Give again exactly, and only, the lines between the line holding "Anenjery 925 Sterling" and the end of the listing, both boundary lines included.

• _RECORDS_
========
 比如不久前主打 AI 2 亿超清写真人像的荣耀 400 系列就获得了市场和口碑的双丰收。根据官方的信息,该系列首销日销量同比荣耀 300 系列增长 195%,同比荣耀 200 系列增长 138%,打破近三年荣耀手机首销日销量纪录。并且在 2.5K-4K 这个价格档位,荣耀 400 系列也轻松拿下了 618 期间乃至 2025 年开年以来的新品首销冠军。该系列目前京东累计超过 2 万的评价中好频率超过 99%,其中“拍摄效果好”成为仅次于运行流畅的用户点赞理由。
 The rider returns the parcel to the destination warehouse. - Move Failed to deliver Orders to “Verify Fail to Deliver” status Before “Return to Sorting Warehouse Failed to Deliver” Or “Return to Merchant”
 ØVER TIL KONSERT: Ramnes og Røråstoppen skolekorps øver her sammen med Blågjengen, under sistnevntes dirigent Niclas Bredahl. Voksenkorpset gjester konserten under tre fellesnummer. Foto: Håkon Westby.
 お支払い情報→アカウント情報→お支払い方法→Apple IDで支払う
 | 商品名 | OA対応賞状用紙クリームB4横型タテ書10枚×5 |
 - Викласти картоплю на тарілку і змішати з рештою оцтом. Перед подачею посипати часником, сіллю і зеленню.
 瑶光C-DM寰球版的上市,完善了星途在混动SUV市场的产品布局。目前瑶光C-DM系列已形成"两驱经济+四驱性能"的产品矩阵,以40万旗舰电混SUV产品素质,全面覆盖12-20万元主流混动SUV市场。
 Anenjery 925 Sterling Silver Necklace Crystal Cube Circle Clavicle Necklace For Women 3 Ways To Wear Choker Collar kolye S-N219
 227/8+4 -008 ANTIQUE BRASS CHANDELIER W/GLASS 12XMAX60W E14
========
• _SOLVED EXERCISE_
 Anenjery 925 Sterling Silver Necklace Crystal Cube Circle Clavicle Necklace For Women 3 Ways To Wear Choker Collar kolye S-N219
 227/8+4 -008 ANTIQUE BRASS CHANDELIER W/GLASS 12XMAX60W E14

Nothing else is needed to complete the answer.